I don’t really know where I stand with regard to many Court decisions. It doesn’t really matter what I think – I’m not a Supreme Court justice, I don’t have to make the decisions. But for my own benefit, for the sake of my own intellectual integrity, I sometimes struggle with these matters. (And heck – I just find it interesting.)

The fact is, I think I agree with the so-called “conservatives” more often than I’d like to. Not all the time – but more than I’d like to. And that bothers me.

The fact is, these are hard decisions. (Say it again: “Law is hard!”) They’re not cut and dried. The law does not exist in a vacuum; there is a tension between the law’s crisp, satisfying logic and the injustice it can wreak on actual human beings.

The problem, as Dahlia Lithwick pointed out today, is that the majority on the Roberts Court – and particularly the newcomers Roberts and Alito – just seem “mean.” But it’s not really that they’re mean; it’s that they seem to lack humanity.

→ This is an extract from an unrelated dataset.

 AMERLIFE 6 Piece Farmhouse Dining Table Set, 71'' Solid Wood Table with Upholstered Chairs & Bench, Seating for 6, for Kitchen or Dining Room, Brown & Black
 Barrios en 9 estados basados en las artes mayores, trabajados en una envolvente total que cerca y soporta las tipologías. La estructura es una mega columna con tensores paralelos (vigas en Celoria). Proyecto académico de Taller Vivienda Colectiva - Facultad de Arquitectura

We’re looking for some sort of acknowledgement from the majority that these are hard decisions, not cut and dried; that the law does not exist in a vacuum; that there is a tension between the law’s crisp, satisfying logic and the injustice it can wreak on actual human beings.

The justices avoid any mention of humanity because they’re afraid to admit to us that they themselves are human. That’s why they wear black robes – to create the illusion that they’re high priests with exclusive access to the knowledge of What the Law Is. They fear that if they admit that these are hard questions, they might lose legitimacy in the eyes of the American people.

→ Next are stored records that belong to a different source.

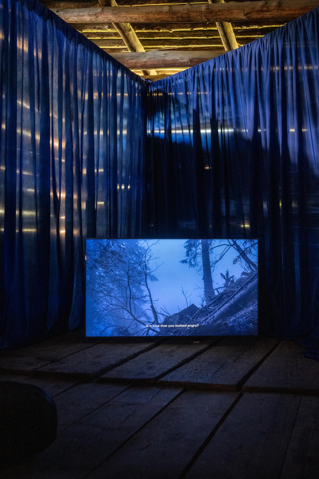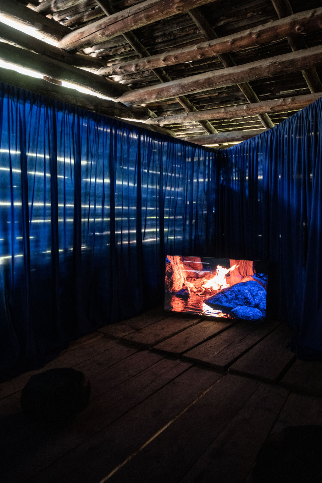 Lena Maria Thüring, Down the river, 2022, installazione video, 4K, 16:9, colore/audio (bargaiot con sottotitoli in inglese), stoffa, vari formati, 10’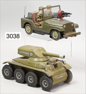 2 Militärfahrzeuge, 1 x Jeep, batteriebetrieben, Made in Japan, 28 cm, auf Funktion nicht überprüft, 1 x Tank, gemarkt Joustra, Made in France, Uhrwerk intakt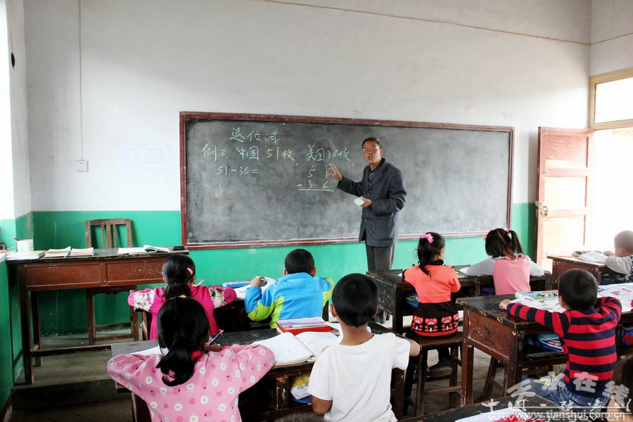 ▲ 在“復式班”三四年級講授《退位減》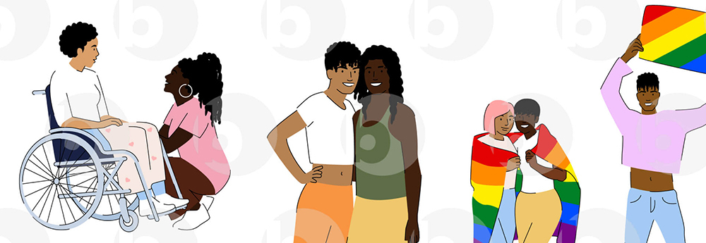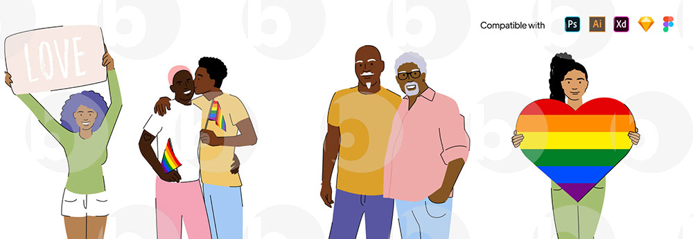 Gay pride or LGBT pride is the promotion of the self-affirmation, dignity, equality, and increased visibility of lesbian, gay, bisexual, and transgender people as a social group. Pride, as opposed to shame and social stigma, is the predominant outlook that bolsters most LGBT rights movements. We created illustrations to promote your pride in digital projects!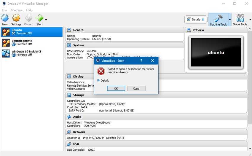 Έτσι προχωρήσαμε στην αφαίρεσή του και μετά το πέρας του update των Windows 10 εγκαταστήσαμε την τελευταία έκδοση του VirtualBox, την 5.2.18-124319 σε περιβάλλον 32bit. Η εφαρμογή άνοιξε μία χαρά, όλα έδειχνα τέλεια, πλην όμως αρνήθηκε να τρέξει οποιαδήποτε virtual machine, είτε παλιά είτε μία καινούργια που μόλις δημιουργήσαμε.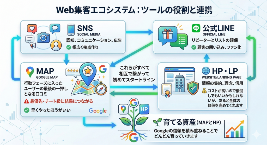- HP・LINE・MEOと組み合わせることで集客は変わります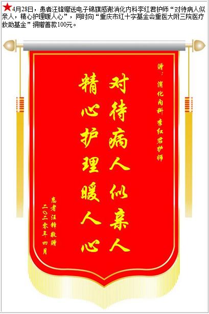 患者汪锋赠送电子锦旗感谢消化内科李红君护师,并向医疗救助基金捐赠善款100元-锦旗-患者心声-患者服务-重庆医科大学附属第三医院【官方网站】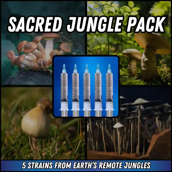 Bring the ancient wisdom of the jungle into your lab with these five strains of P. cubensis, each representing a unique ecological area from around the world! We’ve selected 5 strains from areas where the jungle is the most dense, hard to reach and stacked with biodiversity, so that you can get as close to the wild as possible. Through the Sacred Jungle 5-Pack, you be able to connect with the same genetic-origins that indigenous cultures have utilized for millennia, while learning and mastering your mycology along the way.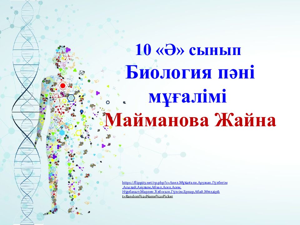 10 «Ә» сынып Биология пәні мұғалімі Майманова Жайна https://flippity.net/rp.php?c= Анел, Мұқағали,Аружан, Гүлбегім,Асылай,Аяулым,Абзал,Асел,Асем, Нұрбахыт,Марлен,Ұлбосын,Гүлсім,Ернар,Абай,Мөлдір& t=Random%20Name%20Picker

But they would appear more legitimate to us if they openly struggled with these issues. They would appear more legitimate if they acknowledged the truth – that the world exists in shades of gray.

IENJTFPS

I’ve begun working with a career counselor, and she thought it would be helpful for me to take two standardized tests: the Strong Interest Inventory, which evaluates your career interests, and the MBTI, which evaluates your personality type along four dichotomies: introvert (I) vs. extrovert (E), sensing (S) vs. intuiting (N), thinking (T) vs. feeling (F), and judging (J) vs. perceiving (P). I’ve taken abbreviated forms of the MBTI in the past, twice, a long time ago: the first time I came out INTJ, the second time INFP.

I just took the full MBTI for the first time, and it’s so frustrating. It’s a bunch of theoretical questions followed by two alternatives. For instance, do you prefer a schedule or do you prefer to be spontaneous? Do you usually introduce people at parties or do you usually get introduced? Do you prefer a boss who is good-natured and inconsistent, or one who is sharp-tongued and logical? (Can I pick good-natured and logical but also compassionate?)

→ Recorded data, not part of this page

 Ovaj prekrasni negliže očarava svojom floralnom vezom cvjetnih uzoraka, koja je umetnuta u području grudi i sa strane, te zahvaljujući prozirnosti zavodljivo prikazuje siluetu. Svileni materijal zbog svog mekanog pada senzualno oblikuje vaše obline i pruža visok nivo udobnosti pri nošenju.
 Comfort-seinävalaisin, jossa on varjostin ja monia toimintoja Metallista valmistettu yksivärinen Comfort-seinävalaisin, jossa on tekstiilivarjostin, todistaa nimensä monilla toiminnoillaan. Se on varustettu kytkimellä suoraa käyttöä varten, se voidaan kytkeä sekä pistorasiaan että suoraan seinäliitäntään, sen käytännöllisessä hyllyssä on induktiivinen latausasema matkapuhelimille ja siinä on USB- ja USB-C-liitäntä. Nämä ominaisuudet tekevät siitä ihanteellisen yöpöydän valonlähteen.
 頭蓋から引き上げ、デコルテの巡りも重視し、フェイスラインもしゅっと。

I had a hard time with many of the questions. I don’t think I have a consistent personality type. I’m a ball of contradictions. Sometimes I want to be alone and sometimes I want to be around other people. I’m more social than I used to be, but it was something I had to learn. Am I more open or more reserved? It depends on how I’m feeling. Do I prefer a schedule or do I prefer to be spontaneous? It depends. Does my head usually rule over my heart or vice versa? No clue. My head and my heart are in constant conflict. I think too much and I feel too much. Do I prefer logic or emotion? Coldly logical people bother me, but I don’t like mawkish sentiment either.

Grrr.

You know, if I were on the Supreme Court I’d be Justice Kennedy. No, O’Connor. Or maybe Breyer.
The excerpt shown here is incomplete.